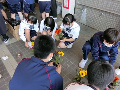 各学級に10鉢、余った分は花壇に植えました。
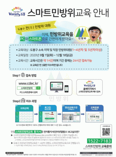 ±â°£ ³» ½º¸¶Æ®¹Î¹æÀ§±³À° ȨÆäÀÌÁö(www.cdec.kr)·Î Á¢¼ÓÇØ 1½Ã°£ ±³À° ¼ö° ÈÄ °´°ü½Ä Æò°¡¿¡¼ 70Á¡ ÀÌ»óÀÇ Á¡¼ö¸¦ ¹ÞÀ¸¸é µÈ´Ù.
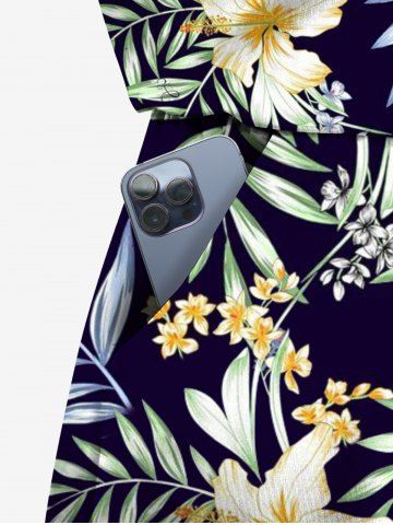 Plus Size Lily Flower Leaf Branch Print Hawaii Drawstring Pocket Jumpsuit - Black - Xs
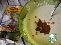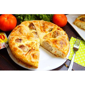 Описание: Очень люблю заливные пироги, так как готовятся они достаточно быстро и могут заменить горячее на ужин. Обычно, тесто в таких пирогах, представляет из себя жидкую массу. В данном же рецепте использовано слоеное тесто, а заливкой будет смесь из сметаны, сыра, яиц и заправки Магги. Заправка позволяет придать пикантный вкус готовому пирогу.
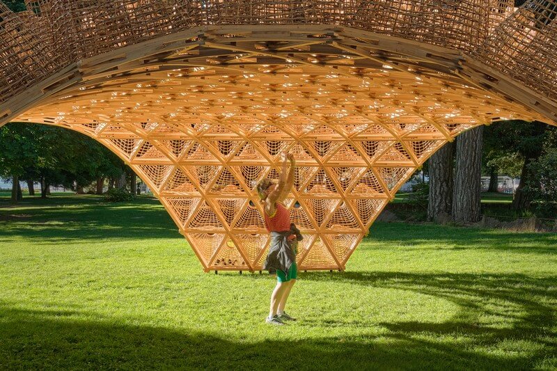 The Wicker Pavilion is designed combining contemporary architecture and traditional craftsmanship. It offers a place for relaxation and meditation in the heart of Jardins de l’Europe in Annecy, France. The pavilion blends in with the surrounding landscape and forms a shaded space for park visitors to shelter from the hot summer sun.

***

YOUR GOAL. Would you restate the listing word for word without its pictures?

FINAL ANSWER.
 各学級に10鉢、余った分は花壇に植えました。
 ±â°£ ³» ½º¸¶Æ®¹Î¹æÀ§±³À° ȨÆäÀÌÁö(www.cdec.kr)·Î Á¢¼ÓÇØ 1½Ã°£ ±³À° ¼ö° ÈÄ °´°ü½Ä Æò°¡¿¡¼ 70Á¡ ÀÌ»óÀÇ Á¡¼ö¸¦ ¹ÞÀ¸¸é µÈ´Ù.
 Plus Size Lily Flower Leaf Branch Print Hawaii Drawstring Pocket Jumpsuit - Black - Xs
 Описание: Очень люблю заливные пироги, так как готовятся они достаточно быстро и могут заменить горячее на ужин. Обычно, тесто в таких пирогах, представляет из себя жидкую массу. В данном же рецепте использовано слоеное тесто, а заливкой будет смесь из сметаны, сыра, яиц и заправки Магги. Заправка позволяет придать пикантный вкус готовому пирогу.
 The Wicker Pavilion is designed combining contemporary architecture and traditional craftsmanship. It offers a place for relaxation and meditation in the heart of Jardins de l’Europe in Annecy, France. The pavilion blends in with the surrounding landscape and forms a shaded space for park visitors to shelter from the hot summer sun.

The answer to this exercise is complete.